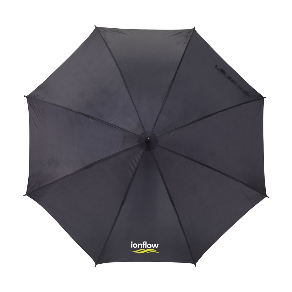 Stormparaplu met automatische telescoopvering, 190T polyester bespanning, metalen steel en kunststof frame, voorgevormde foam handgreep en klittenbandsluiting. In handige opberghoes met schouderriem.
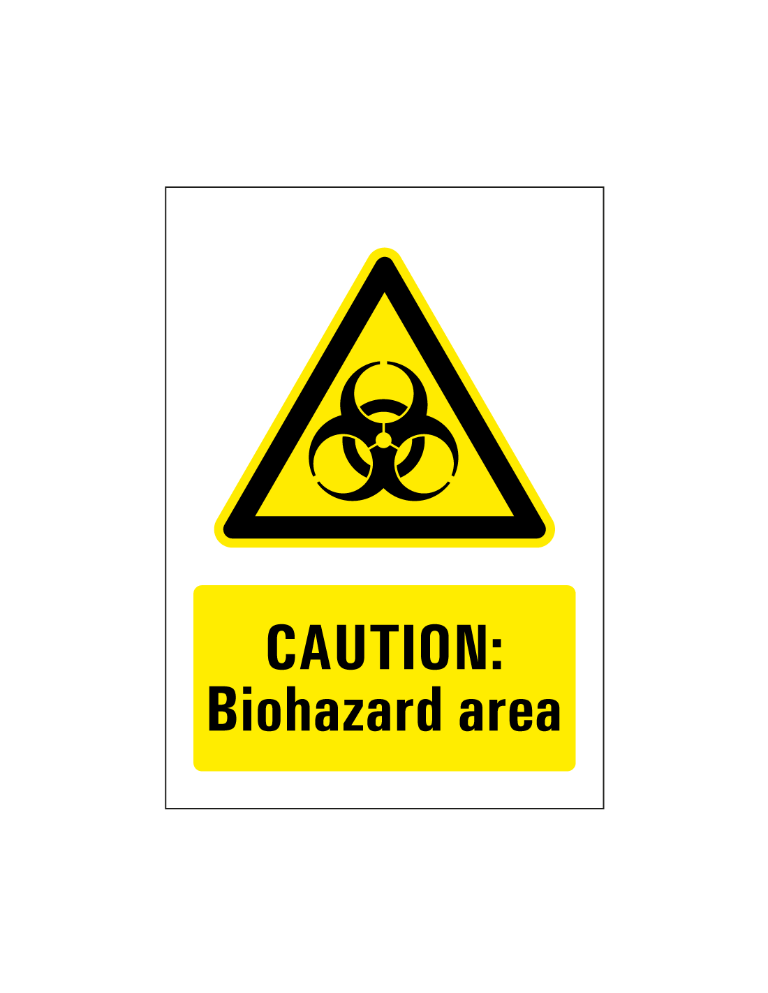 - Rechthoekige sticker met symbool biologisch gevaar en tekst caution biohazard area
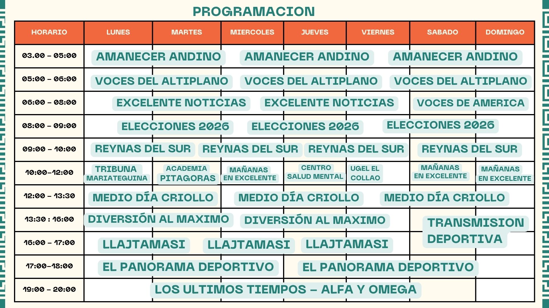 PROGRAMACIÓN DE LUNES A DOMINGO
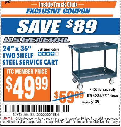 ITC U.S. GENERAL 36 IN. X 24 IN. 2-SHELF STEEL SERVICE CART, BLACK Lot No. 62587/5770 Expired: 4/18/17 - $49.99 Coupon Code: '10743086'
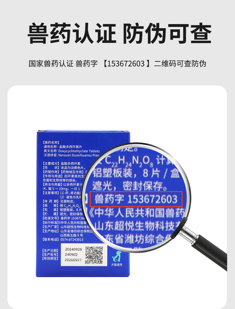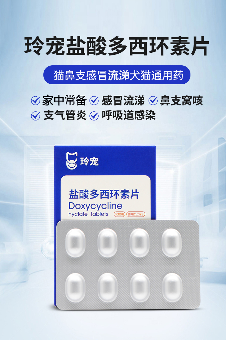 玲宠犬猫药盐酸多西环素片狗狗鼻支宠物咳嗽药猫咪感冒药犬窝咳
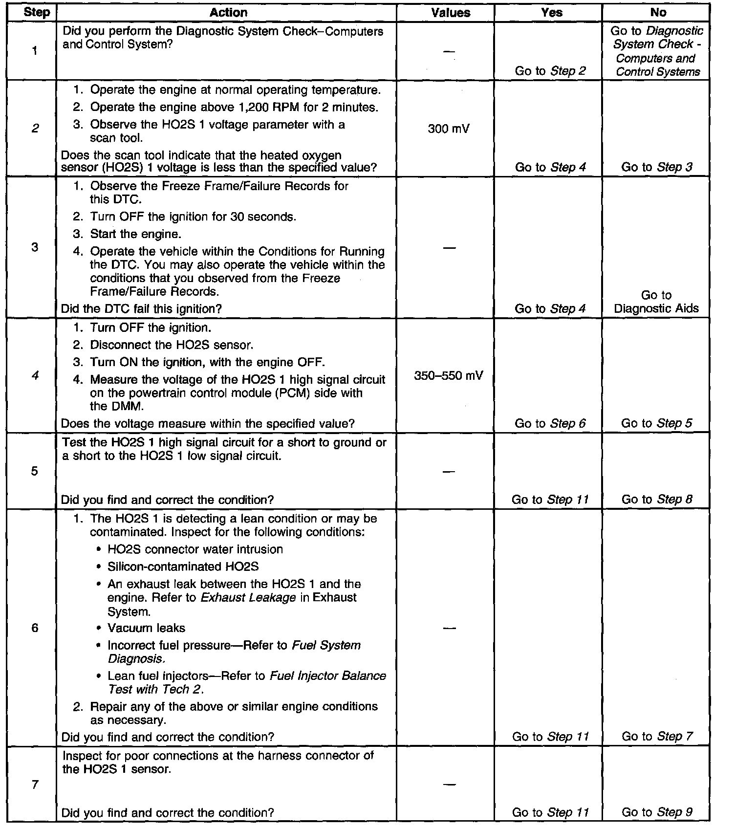 If the PCM detects an HO2S voltage that stays below a specified value, DTC P1171 will set.
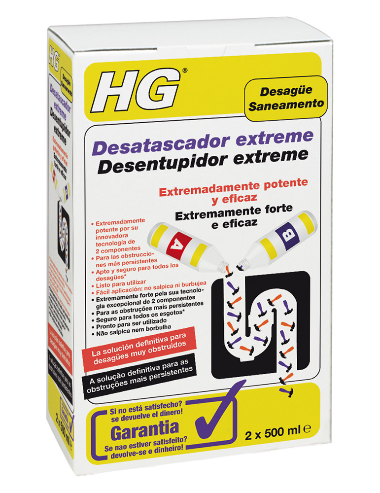Extremadamente potente por su innovadora tecnología de dos componentes. Para las obstrucciones más persistentes. Apto y seguro para todo tipo de desagües. Listo para usar. Fácil aplicación. Válido para cocinas y baños. No salpica ni burbujea. 2X 0,5
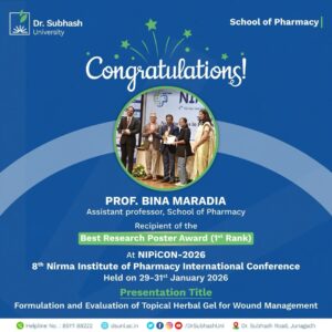 The School of Pharmacy at Dr. Subhash University continues to emerge as a center of excellence in pharmaceutical education, research, and professional development. Prof. Maradia’s success serves as an inspiration for students, young researchers, and fellow faculty members to pursue meaningful research and aim for global recognition.
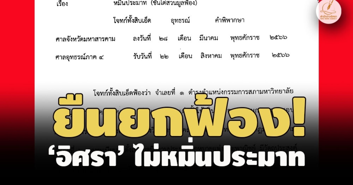 ศาลอุทธรณ์ภาค 4 ตรวจสํานวนประชุมปรึกษาแล้ว ข้อเท็จจริงรับฟังเป็นยุติในเบื้องต้นว่า เมื่อวันที่ 20 ธันวาคม 2564 สํานักข่าวอิศรา หรือเว็บไซต์ www.isranews.org ซึ่งเผยแพร่โดยระบบสื่ออิเล็กทรอนิกส์ ลงข้อความในระบบอิเล็กทรอนิกส์ พาดหัวข่าวว่า “เปิดชื่อ 44 ผศ.- รศ. ผู้เสียหาย ขบวนการปลอมลายเซ็น กรณี มรภ.สารคาม สั่งถอดถอนตําแหน่ง” “เปิดชื่อ 44 ผู้เสียหาย ผศ. -รศ. มรภ. มหาสารคาม มีคําสั่งถอดถอน หลังพบขบวนการปลอมลายเซ็น” และมีเนื้อข่าวว่า “จนถึงวันนี้ ผู้ขอตำแหน่ง ผศ.รศ. ทั้ง 44 ราย ยังอยู่ในฐานะผู้เสียหาย และยังไม่พบพยานหลักฐานว่ามีส่วนเกี่ยวข้องกับขบวนการดังกล่าวหรือไม่ ขณะที่เมื่อวันที่ 11 ธันวาคม 2564 จำเลยที่ 1 กรรมการสภามหาวิทยาลัยราชภัฏมหาสารคาม ผู้ทรงคุณวุฒิ เปิดเผยว่า คณาจารย์ทั้ง 44 ราย ยังสามารถใช้สิทธิอุทธรณ์คําสั่งและให้ข้อมูลเพื่อแสดงความ ไม่มีส่วนเกี่ยวข้องได้ตามขั้นตอนราชการ...”
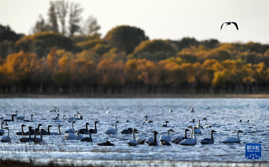近日,陜西省榆林市榆陽區河口水庫濕地迎來大批白天鵝、赤麻鴨等鳥類。近年來,位于毛烏素沙地南緣的榆陽區采取退牧還濕、禁牧減畜等有效措施,加強生態環境保護。河口水庫濕地擁有大量淺灘、蘆葦,地勢平緩,水域寬廣,野生魚蝦資源豐富,已經成為越冬候鳥途中覓食、停歇的理想之地。
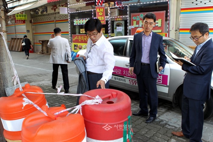 이흥수 인천시 동구청장(가운데)이 구민과 소통하는 열린 행정 구현을 위해 지역내 곳곳을 방문해 상황을 살핀 후 도로 적치물과 무단 투기 쓰레기, 파손보도 등이 즉각 정비될 수 있도록 조치할 것을 당부하고 있다. (사진제공=동구청)
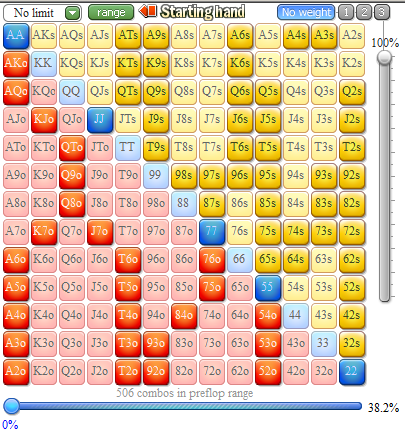 Вот как выглядит мой спектр открытия с одной из позиций (не могу говорить какой, т.к. маньяки солвера заэксплойтят, я же всё ещё игрок (играющий тренер практически).
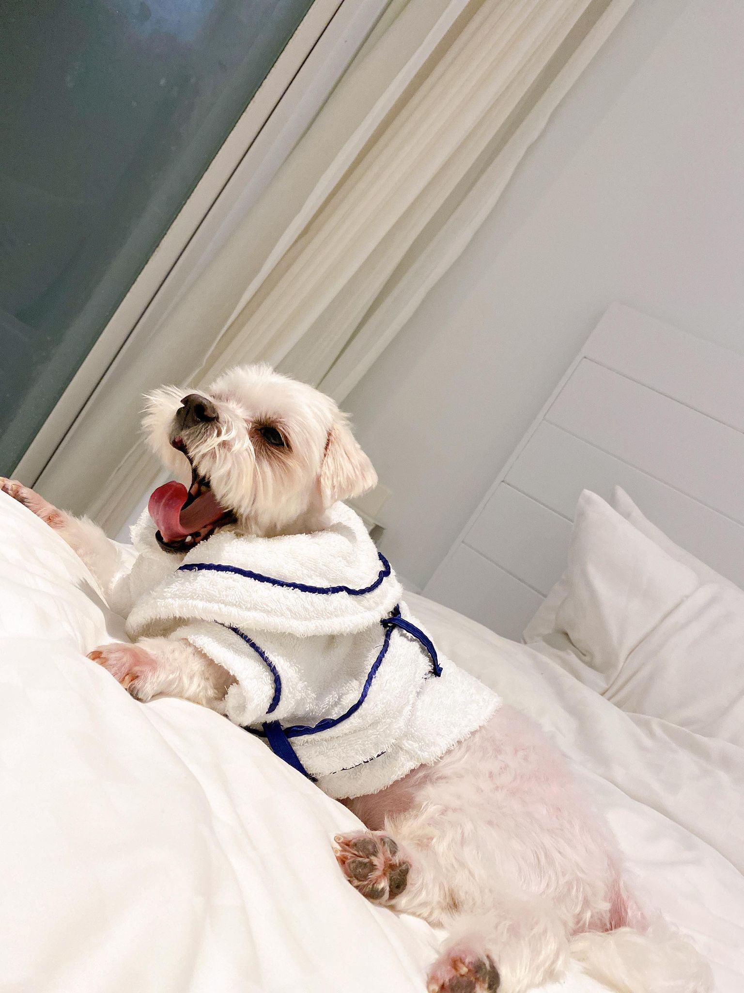 民宿除了提供毛孩家長的浴袍外,也有提供毛孩浴袍,寶寶穿著民宿提供的小
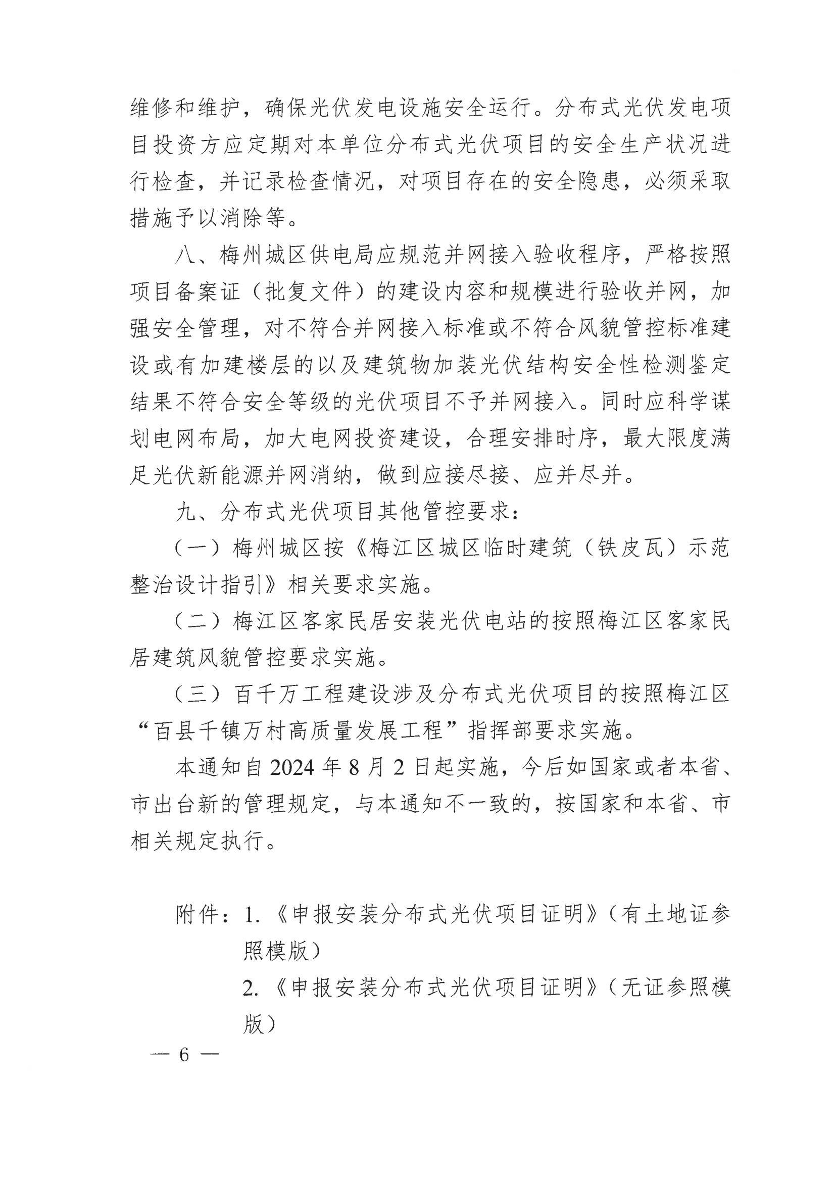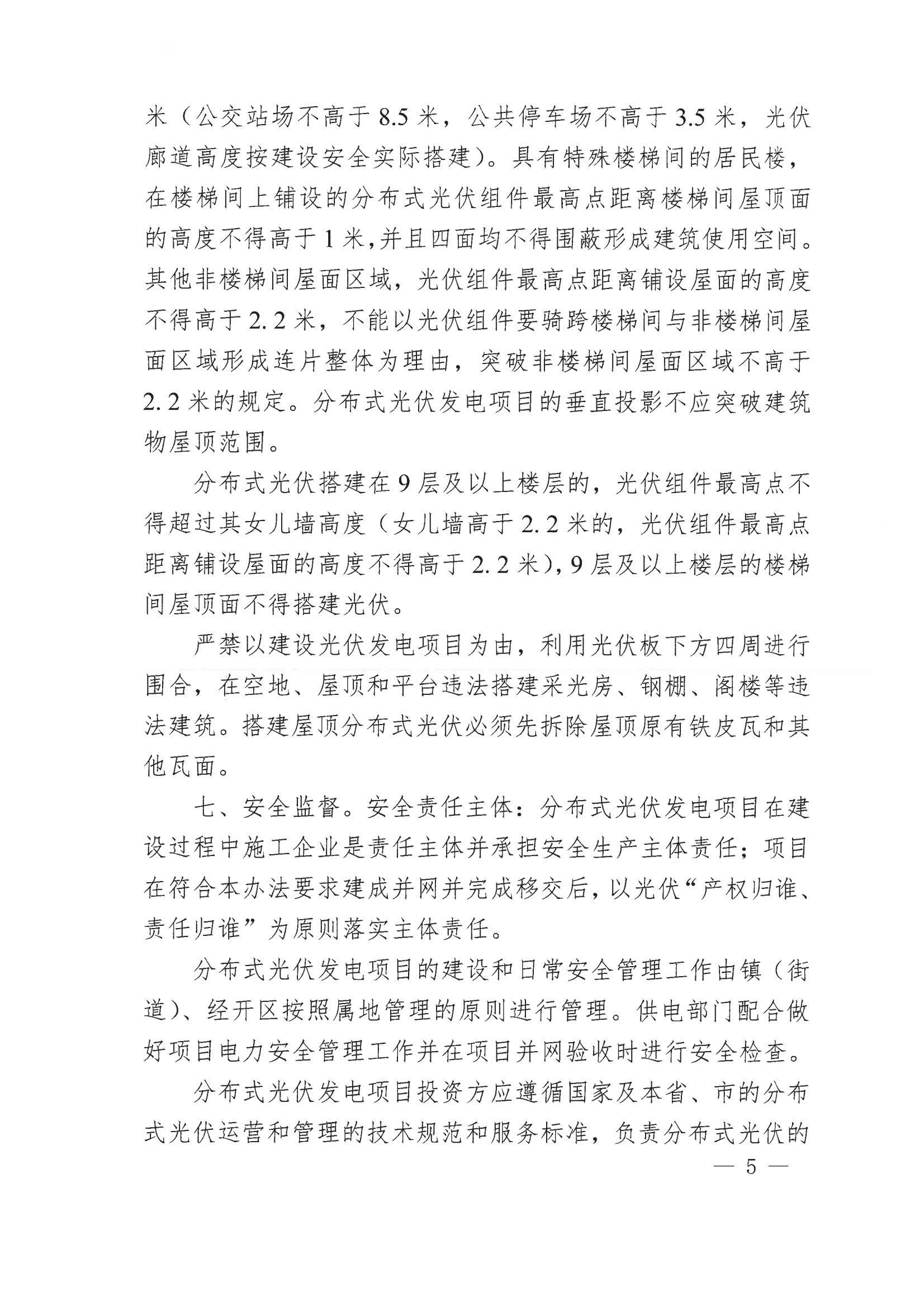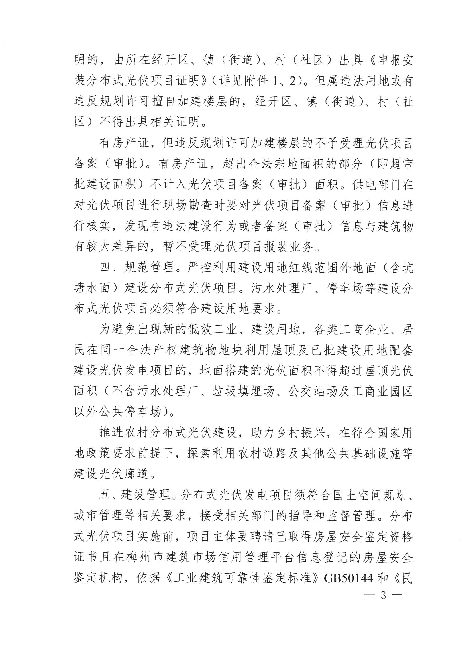 8月6日,廣東省梅州市梅江區(qū)發(fā)改局發(fā)布《關(guān)于加強分布式光伏發(fā)電項目管理的通知》,《通知》要求,分布式光伏項目建設(shè)前應(yīng)履行項目備案(審批)手續(xù),并取得發(fā)改部門的備案證(批復(fù)文件)后方可進行項目建設(shè)。其中非居民分布式光伏項目還需通過電網(wǎng)公司組織的接入系統(tǒng)資料審查并經(jīng)審查通過后方可進行項目建設(shè)。分布式光伏組件最高點距離鋪設(shè)屋面(地面)的高度不得高于2.2米(公交站場不高于8.5米,公共停車場不高于3.5 米,光伏廊道高度按建設(shè)安全實際搭建)。具有特殊樓梯間的居民樓,在樓梯間上鋪設(shè)的分布式光伏組件最高點距離樓梯間屋頂面的高度不得高于1米,并且四面均不得圍蔽形成建筑使用空間。 其他非樓梯間屋面區(qū)域,光伏組件最高點距離鋪設(shè)屋面的高度不得高于2.2米,不能以光伏組件要騎跨樓梯間與非樓梯間屋面區(qū)域形成連片整體為理由,突破非樓梯間屋面區(qū)域不高于2.2米的規(guī)定。分布式光優(yōu)發(fā)電項目的垂直投影不應(yīng)突破建筑物屋頂范圍。 分布式光伏搭建在9層及以上樓層的,光伏組件最高點不得超過其女兒墻高度(女兒墻高于2.2米的,光伏組件最高點距離鋪設(shè)屋面的高度不得高于2.2米),9層及以上樓層的樓梯間屋頂面不得搭建光伏。 嚴禁以建設(shè)光伏發(fā)電項目為由,利用光伏板下方四周進行圍合,在空地、屋頂和平臺違法搭建采光房、鋼棚、閣樓等違法建筑。搭建屋頂分布式光伏必須先拆除屋頂原有鐵皮瓦和其他瓦面。 全文如下:

◆ ◆ ◆ ◆ ◆ ◆ ◆

#### TASK BRIEF:
Begin at the first line of the records. Print every line through the one containing "ศาลอุทธรณ์ภาค 4 ตรวจสํานวนประชุมปรึกษาแล้ว" exactly, but skip the pictures.

#### THE COMPLETED TASK:
 Stormparaplu met automatische telescoopvering, 190T polyester bespanning, metalen steel en kunststof frame, voorgevormde foam handgreep en klittenbandsluiting. In handige opberghoes met schouderriem.
 - Rechthoekige sticker met symbool biologisch gevaar en tekst caution biohazard area
 PROGRAMACIÓN DE LUNES A DOMINGO
 ITC U.S. GENERAL 36 IN. X 24 IN. 2-SHELF STEEL SERVICE CART, BLACK Lot No. 62587/5770 Expired: 4/18/17 - $49.99 Coupon Code: '10743086'
 玲宠犬猫药盐酸多西环素片狗狗鼻支宠物咳嗽药猫咪感冒药犬窝咳
 If the PCM detects an HO2S voltage that stays below a specified value, DTC P1171 will set.
Extremadamente potente por su innovadora tecnología de dos componentes. Para las obstrucciones más persistentes. Apto y seguro para todo tipo de desagües. Listo para usar. Fácil aplicación. Válido para cocinas y baños. No salpica ni burbujea. 2X 0,5
 The School of Pharmacy at Dr. Subhash University continues to emerge as a center of excellence in pharmaceutical education, research, and professional development. Prof. Maradia’s success serves as an inspiration for students, young researchers, and fellow faculty members to pursue meaningful research and aim for global recognition.
 ศาลอุทธรณ์ภาค 4 ตรวจสํานวนประชุมปรึกษาแล้ว ข้อเท็จจริงรับฟังเป็นยุติในเบื้องต้นว่า เมื่อวันที่ 20 ธันวาคม 2564 สํานักข่าวอิศรา หรือเว็บไซต์ www.isranews.org ซึ่งเผยแพร่โดยระบบสื่ออิเล็กทรอนิกส์ ลงข้อความในระบบอิเล็กทรอนิกส์ พาดหัวข่าวว่า “เปิดชื่อ 44 ผศ.- รศ. ผู้เสียหาย ขบวนการปลอมลายเซ็น กรณี มรภ.สารคาม สั่งถอดถอนตําแหน่ง” “เปิดชื่อ 44 ผู้เสียหาย ผศ. -รศ. มรภ. มหาสารคาม มีคําสั่งถอดถอน หลังพบขบวนการปลอมลายเซ็น” และมีเนื้อข่าวว่า “จนถึงวันนี้ ผู้ขอตำแหน่ง ผศ.รศ. ทั้ง 44 ราย ยังอยู่ในฐานะผู้เสียหาย และยังไม่พบพยานหลักฐานว่ามีส่วนเกี่ยวข้องกับขบวนการดังกล่าวหรือไม่ ขณะที่เมื่อวันที่ 11 ธันวาคม 2564 จำเลยที่ 1 กรรมการสภามหาวิทยาลัยราชภัฏมหาสารคาม ผู้ทรงคุณวุฒิ เปิดเผยว่า คณาจารย์ทั้ง 44 ราย ยังสามารถใช้สิทธิอุทธรณ์คําสั่งและให้ข้อมูลเพื่อแสดงความ ไม่มีส่วนเกี่ยวข้องได้ตามขั้นตอนราชการ...”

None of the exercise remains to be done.